In diesen Interpretationen werden die Grenzen einer vornehmlich auf der (zweifellos grundlegenden) Analyse bzw. "Mikroskopie" (1, 4, u.ö.) von Einzelformen beruhenden Definition der alemannischen Minuskel deutlich, die anderen, schwieriger zu fassenden und kaum objektiv zu beschreibenden Parametern (allgemeiner Eindruck, Proportioniertheit, Ductus usw.) weniger Bedeutung zumisst: Dass der vornehmlich in den Skriptorien von Reichenau und St. Gallen gepflegte Schrifttyp der alemannischen Minuskel Verbindungen und Parallelen zu den Schriftformen der Nachbarprovinzen aufweist, ist nachdrücklich zu unterstreichen.

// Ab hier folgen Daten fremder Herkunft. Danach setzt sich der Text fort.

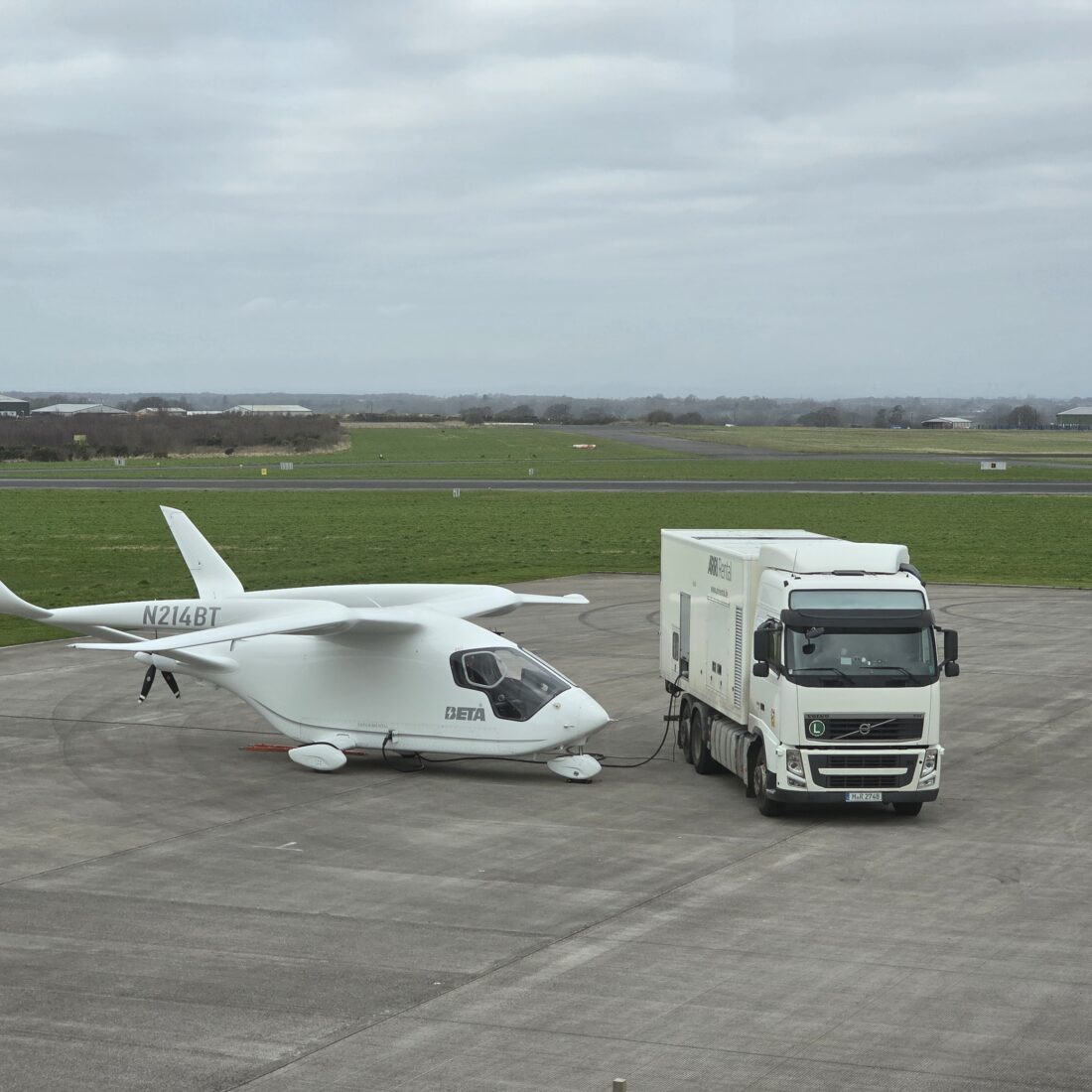 The aircraft arrived from Leeds East Airport and made a scheduled stop to recharge before continuing its journey to Glasgow. As electric aviation infrastructure is still developing across Europe, the aircraft is supported by a dedicated lorry equipped with a mobile power supply, ensuring it can operate even at airports without permanent charging facilities.

Diese Verbindungen und Parallelen verweisen zweifellos auf eine von der Autorin betonte gemeinsame Schriftkultur (134), doch ist fraglich, ob sich diese unter dem Begriff der alemannischen Minuskel zusammenfassen lässt.

Es ist ein Verdienst dieser Arbeit, sich mit dem nicht einfachen und teilweise auch spröden paläographischen Komplex der alemannischen Minuskel, ihrer Schriftzeugnisse und Schreiber auseinander zu setzen. Auf vielfältige Weise wird auch in dieser Studie deutlich, wie eng die beiden wichtigsten Schreibstätten dieses Schrifttyps, die Klöster Reichenau und St. Gallen, miteinander verbunden waren. In der Tat erscheint in vielen Fällen eine paläographische Trennung der beiden Bibliotheksbestände (noch) nicht möglich, doch verweisen die in dieser Arbeit vorgeschlagenen Scheidungen und Zuordnungen auf die Wichtigkeit, entsprechende Bemühungen weiter voranzutreiben. Zudem regt die Arbeit dazu an, in Zukunft auch regional und überregional vergleichende paläographische Untersuchungen stärker ins Blickfeld zu nehmen.


Anmerkungen:

[1] Vgl. in Ansätzen Peter Erhart / Bernhard Zeller: Rätien und Alemannien - Schriftformen im Vergleich, in: Wandel und Konstanz zwischen Bodensee und Lombardei zur Zeit Karls des Grossen. Kloster St. Johann in Müstair und Churrätien, hg. v. Hans Rudolf Sennhauser unter Mitarbeit von Kathrin Roth-Rubi und Eckart Kühne (Acta Müstair, Kloster St. Johann; Bd. 3), Zürich 2013, 299-318.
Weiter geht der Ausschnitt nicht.